Our strategy has been to utilise public domain software and a modular approach. In conjunction with common data interchange formats, this provides a robust setup that can be easily adapted and adopted by other groups studying complex disease. Essentially, we have achieved an integration of genomics and genetics underpinned by an integration of the workflows of genome informatics, data management and laboratory experiments and reagents.
Traditionally, individual researchers focus on their own regions or single genes and hold their own data. This makes data archiving, integration and mining impractical. In the DIL, all generated data are acquired and stored centrally in the relevant database. While all the databases are centralised, we believe that the best curation of the data is performed by the scientists. Therefore, user-friendly web or VB front-ends, together with auditing strategies, are provided; this allows the user to alter their own data in a responsible but reversible manner.
MySQL is used as the database of choice; Oracle(TM) was considered but the cost was prohibitive. The performance and ease of administration of MySQL has been very good. Some design limitations have, however, led to a substantial effort in data manipulation and off-line checking to emulate Oracle's transaction handling, form triggers, logging and referential integrity checks.
The genotyping, sample and freezer management databases have easy design goals and schema, attempting to capture large volumes of essentially similar data. Standards are yet to emerge for the sensible design of blood and/or genotyping databases. The rising interest in research governance will probably change that, as medical scientists become obliged to demonstrate ethical and accountable working practices.
The feature database structure has been designed to be as simple as possible and relies on flexibility to overcome the dual problems of complexity and increasing data and data types. This has a negative implication for query speed. To address this, work is ongoing to adopt data transformation techniques in order to build an EnsMart style database to allow fast, complex read-only queries.

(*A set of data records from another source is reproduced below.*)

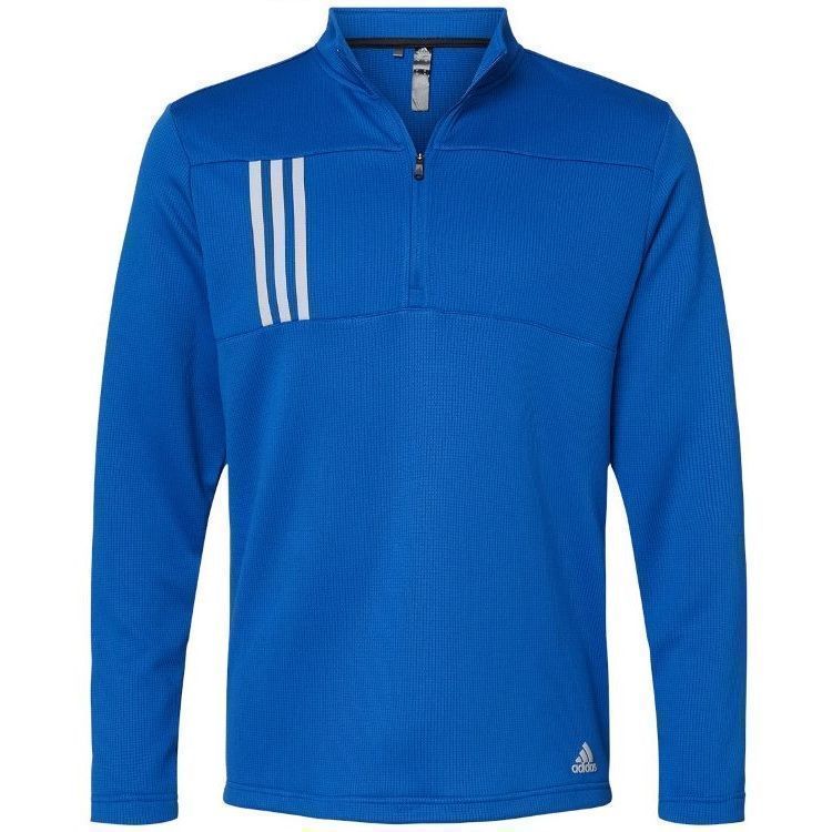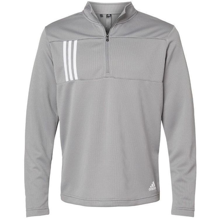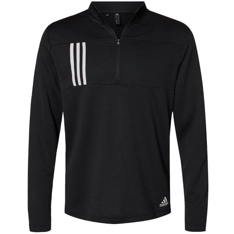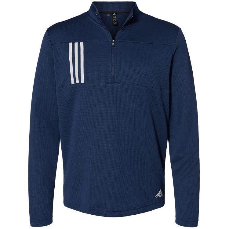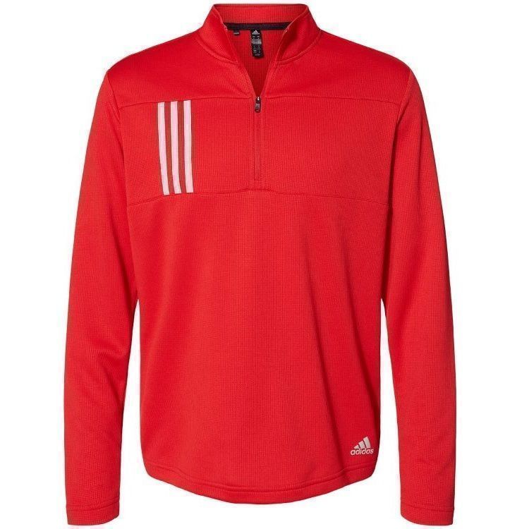 Adidas Golf 3-Stripe 1/4 zip pullover in 7.2 oz. recycled wicking polyester with waffle knit construction. Adidas Golf A482 mens pullovers have a quarter zip front, 3 stripe chest insert, self mock collar, open bottom hem and cuffs and Adidas Golf logo on the left bottom hip. Prices include custom logo embroidery.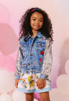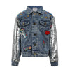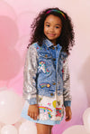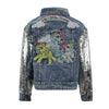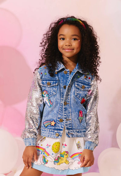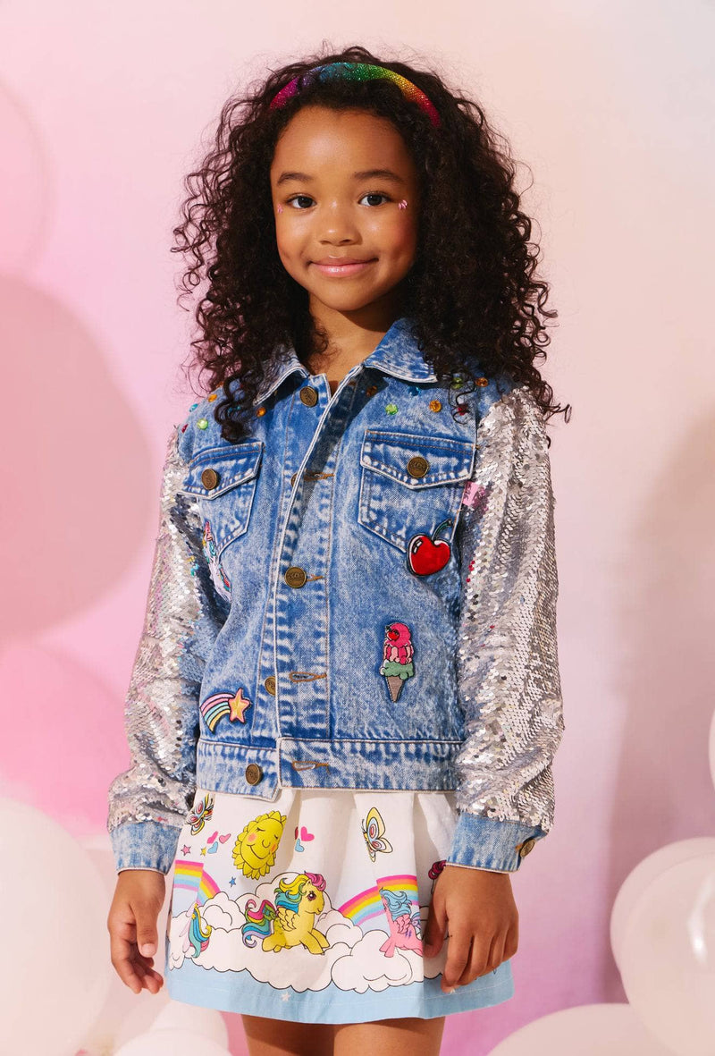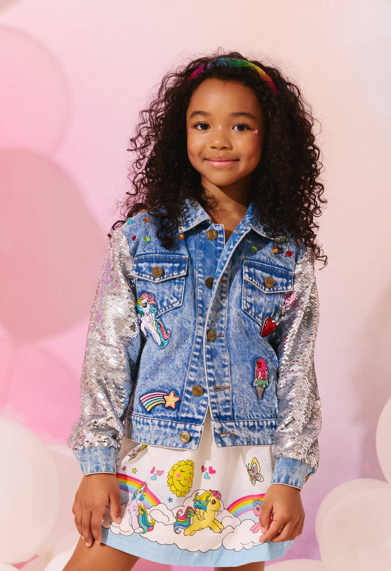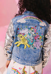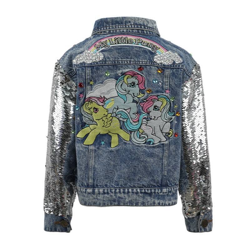 • One-of-a-kind denim jacket featuring colorful My Little Pony patches, sparkling gem embellishments, and shimmering sequin sleeves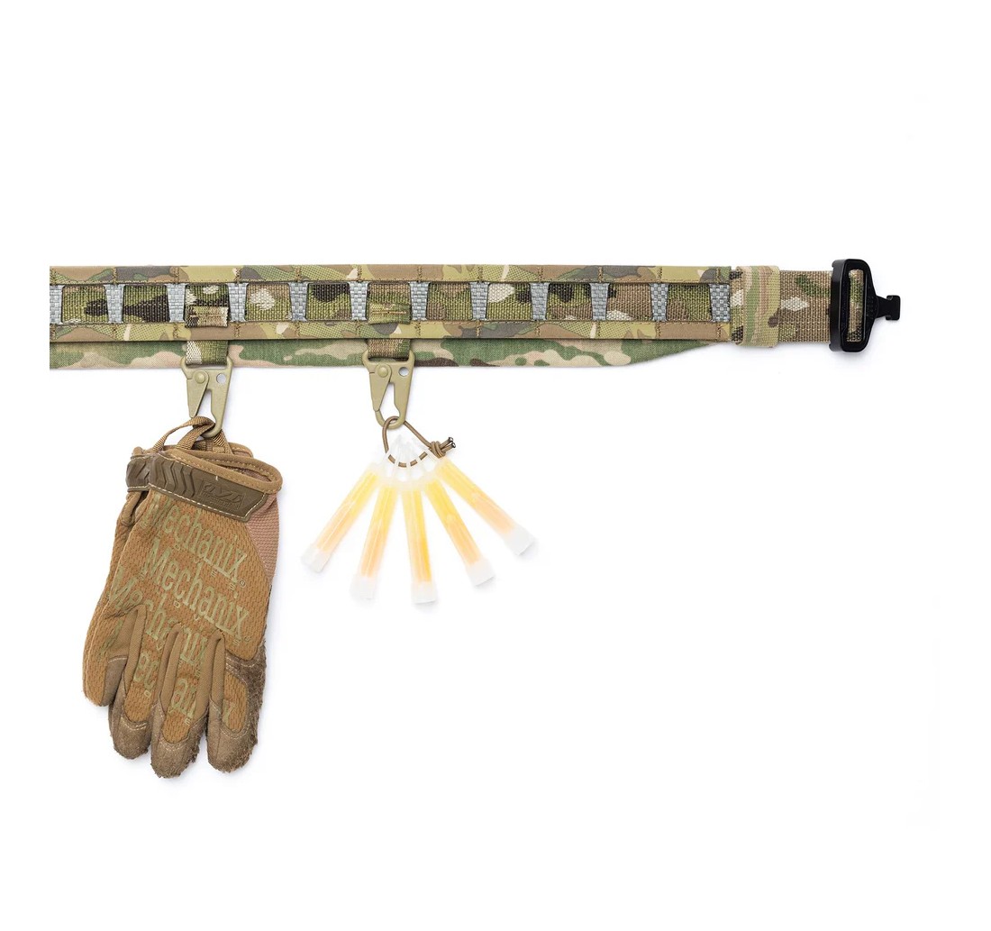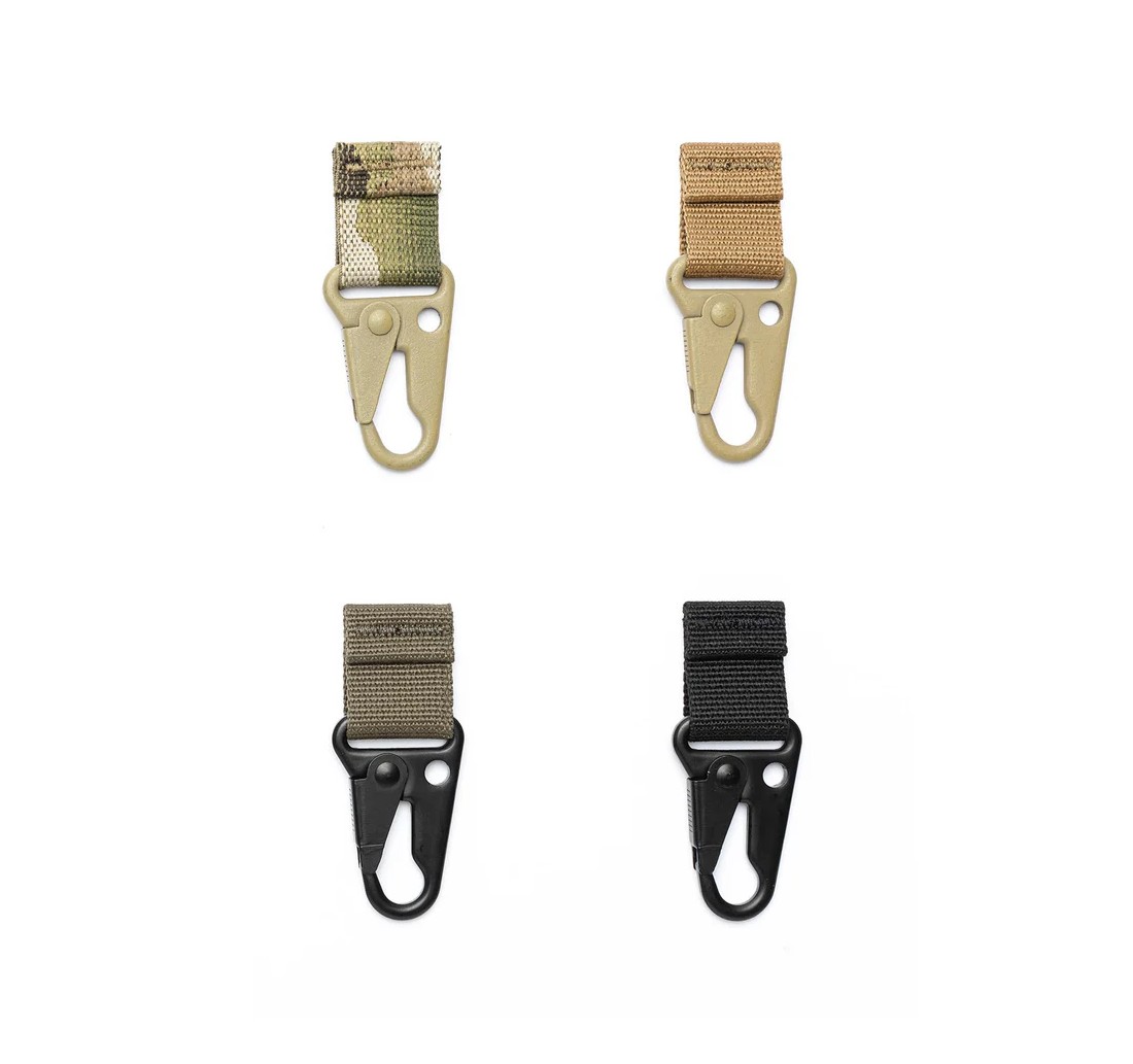 Semplice soluzione per aggiungere un moschettone di tipo “HK Hook” sulle nostre cinture STRATOS e STRATOS Padded, o sulla maggior parte delle cinture tattiche in commercio, molto utile per attaccare alla cintura accessori come guanti, cuffie, Chemlight® o qualsiasi altro oggetto che sia necessario avere a portata di mano.

Manual annotation of genes of interest is essential to exclude false-positive and false-negative predictions of genes or parts of genes, especially with the multiplicity of the splice variants for many genes. While the Ensembl predictions are becoming increasingly more accurate, they still remain predictions. Endeavours such as Vega by the Sanger Institute's Havana group also improve the accuracy of the available gene structures, this will not fully replace local verification of annotation, but it will help to speed up local annotation.
With each new version of the genome build and Ensembl, all genome mappings have to be updated. The most time-consuming task is the downloading and installing of the Ensembl data locally. The remapping takes a relatively short time, but speed could be improved by better heuristics, such as performing checks on the regions of interest, ie to see whether the regions have changed chromosomal coordinates and/or have a different sequence length. If the coordinates and length are the same, the sequence should be the same, and no remapping would have to be performed.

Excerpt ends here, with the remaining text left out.